_WHAT THE TASK ASKS_:
Your answer should contain only the lines from the top of the data below down through the one with "眼下,黄金投资热度高加上短期", transcribed exactly and without pictures; please include nothing more.

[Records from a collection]

====

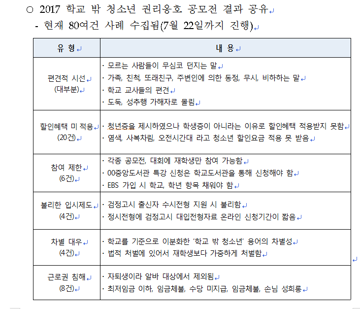 한국청소년상담복지개발원에서 학교밖청소년권리옹호공모전 중간내용입니다. 많은곳곳에서 편견이 있었음을 알수 있는 내용들이 공모전을 통해 볼수 있었습니다. 이러한 편견가 침해들이 없는 그날까지 우리 국민디자인단과 국민들이 지혜를 모야야 할 때입니다.
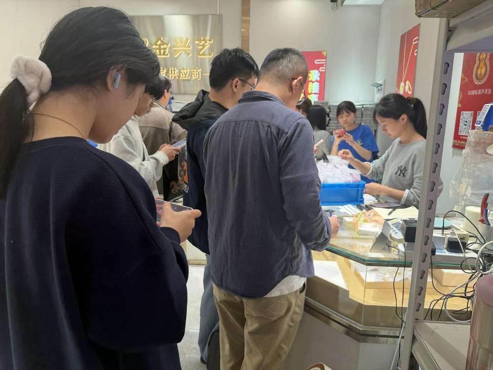 眼下,黄金投资热度高加上短期的价格下跌确实引起投资者购金意愿增强。记者在水贝市场观察到,即便是工作日,多数柜台都围着三两顾客,甚至出现“排队发货”的场景。
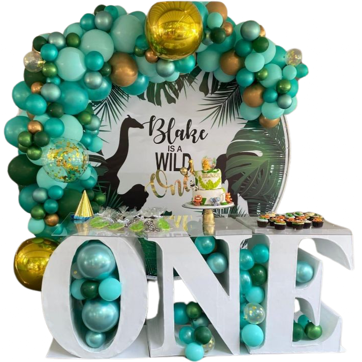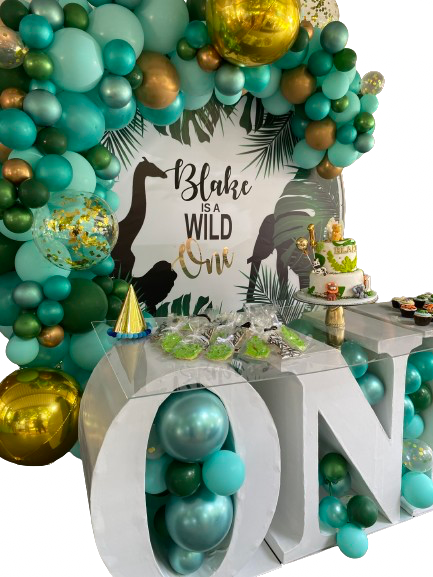 Create the ultimate Wild One Party experience with our beautifully designed Round Backdrop, Organic Balloon Garland, and ONE Table setup. Ideal for safari-themed birthdays, jungle parties, baby showers, and adventure-inspired events. Available for delivery and setup across JHB
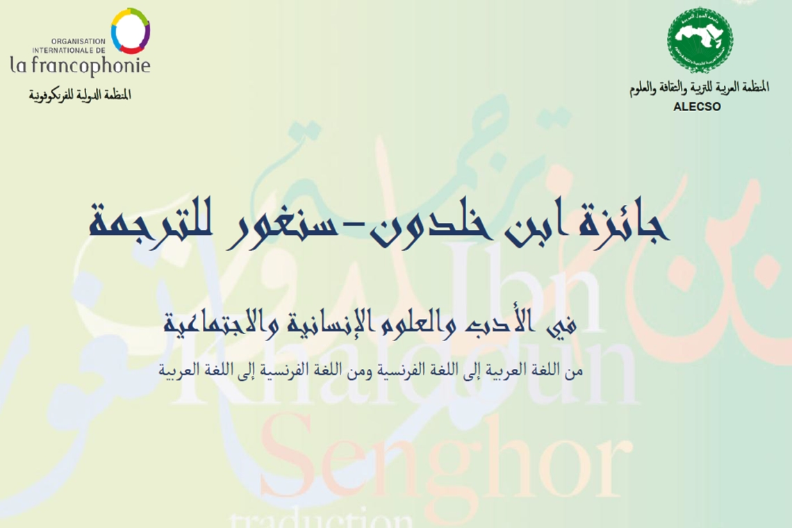 أعلنت منظمة (الألكسو) والمنظمة الدولية للفرنكوفونية، عن فتح باب الترشح للدورة الــ 17 من "جائزة ابن خلدون- سنغور للترجمة".
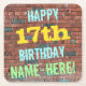 This fun birthday-themed coaster design features a message like "HAPPY 17th BIRTHDAY, NAME-HERE!", where the name can be personalised. The background features a representation of a brick wall consisting of some reddish-brown coloured bricks. The customisable message text features colours like blue, yellow, and green, and it has an appearance inspired by that of painted graffiti. Coasters like these might be useful as practical decorations at a birthday party for somebody who is celebrating their seventeenth birthday. [~Z0000288]
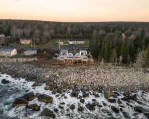 Escape to your own exclusive luxury villa perched on the edge of the bold Atlantic Ocean with access to private hot tub, panoramic view cedar barrel sauna and clear dome on a 2800 square foot deck. Explore the numerous nearby white sandy beaches, hike nearby Trestle Trail, Kejimkujik Seaside Adjunct, Thomas Raddall Provincial Park or relax and enjoy your own private one bedroom oasis where you can observe diverse marine life, breathtaking sunsets and stargazing from the comfort of this expansive and well furnished patio. This cottage shares a 2800 square foot deck with Comfy Seaside Cabana which is divided in half using a privacy partition. The hot tub, cedar barrel sauna, clear dome, barbecue, deck side and outdoor furniture is private to Peaceful Oceanfront Cabine. The fire pit is shared with Comfy Seaside Cabana.
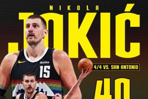 近7场5次砍下大三双约基奇轰40分8板13助0失误创中锋历史纪录
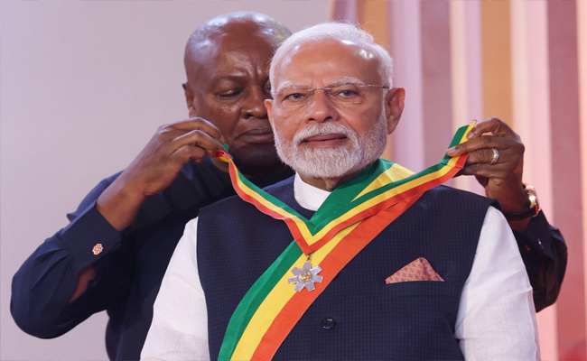 ന്യൂഡല്ഹി: പ്രധാനമന്ത്രി നരേന്ദ്ര മോദിക്ക് ഘാനയുടെ പരമോന്നത സിവിലിയൻ ബഹുമതിയായ ഓഫിസർ ഓഫ് ദി ഓർഡർ ഓഫ് ദി സ്റ്റാർ ഓഫ് ഘാന പുരസ്കാരം സമ്മാനിച്ചു. ഇന്ത്യ-ഘാന നയതന്ത്ര ബന്ധം ശക്തിപ്പെടുത്തുന്നതിൽ മോദിയുടെ സംഭാവനകളെ അംഗീകരിച്ചാണ് ഈ പുരസ്കാരം ഘാന സർക്കാർ നൽകിയത്. ഘാന പ്രസിഡന്റ് ജോൺ ഡ്രാമണി മഹാമയിൽ നിന്നാണ് മോദി അവാർഡ് സ്വീകരിച്ചത്.
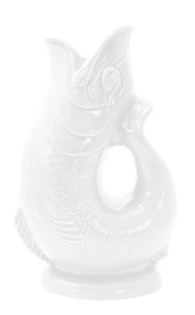 A classic British design since first manufactured in the 1860s, the Mini Gluggle Jug (White) from Wade Ceramics brings a fun and vibrant feel to any tablesetting or decor! The Gluggle Jug is crafted from lead-free, fully vitrified ceramic and is glazed inside and out so it is waterproof and food-safe, providing the famous and entertaining "gluggling" sound whether you use it to add cream to your coffee or water your windowsill herbs. The classic arched fish design features finely detailed fins and scales and the rich Sage Green finish makes a statement anywhere you display it. Use it at the breakfast table as the perfect "Good Morning!" accent to hold warm syrup or bring a touch of whimsy to your countertop by filling it with dishwashing soap and keeping it near the sink. Hand cast, hand dipped, and hand finished with select materials in Staffordshire, England, at the heart of the British ceramics industry, Wade Ceramics Mini Gluggle Jug (White) is ornamental enough to grace the mantle or bookshelf as a decorative piece and durable enough for everyday use as a mini jug, desk organizer, and more!
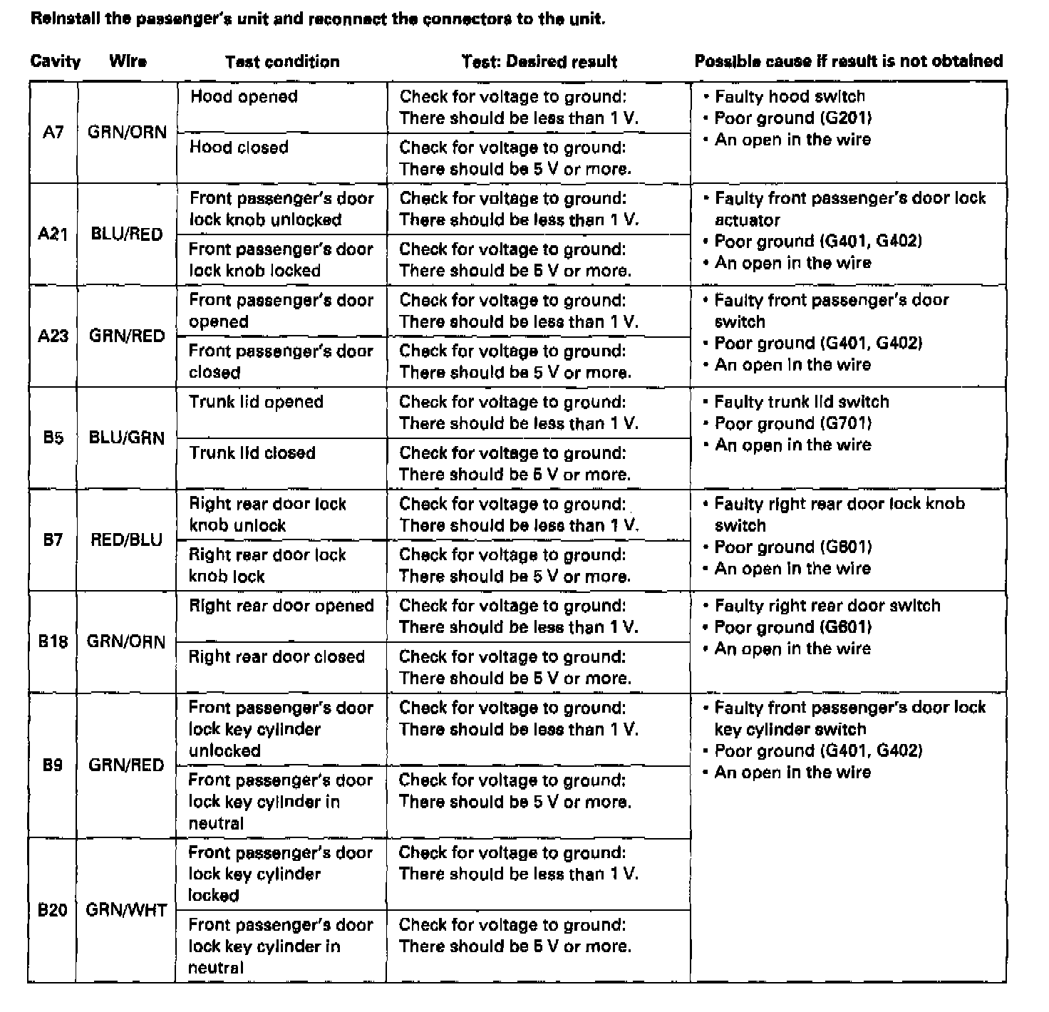 If any test indicates a problem, find and correct the cause, then recheck the system. If all the input tests prove OK, the control unit must be faulty; replace it.

====

_RESPONSE FOR THIS EXERCISE_:
 한국청소년상담복지개발원에서 학교밖청소년권리옹호공모전 중간내용입니다. 많은곳곳에서 편견이 있었음을 알수 있는 내용들이 공모전을 통해 볼수 있었습니다. 이러한 편견가 침해들이 없는 그날까지 우리 국민디자인단과 국민들이 지혜를 모야야 할 때입니다.
 眼下,黄金投资热度高加上短期的价格下跌确实引起投资者购金意愿增强。记者在水贝市场观察到,即便是工作日,多数柜台都围着三两顾客,甚至出现“排队发货”的场景。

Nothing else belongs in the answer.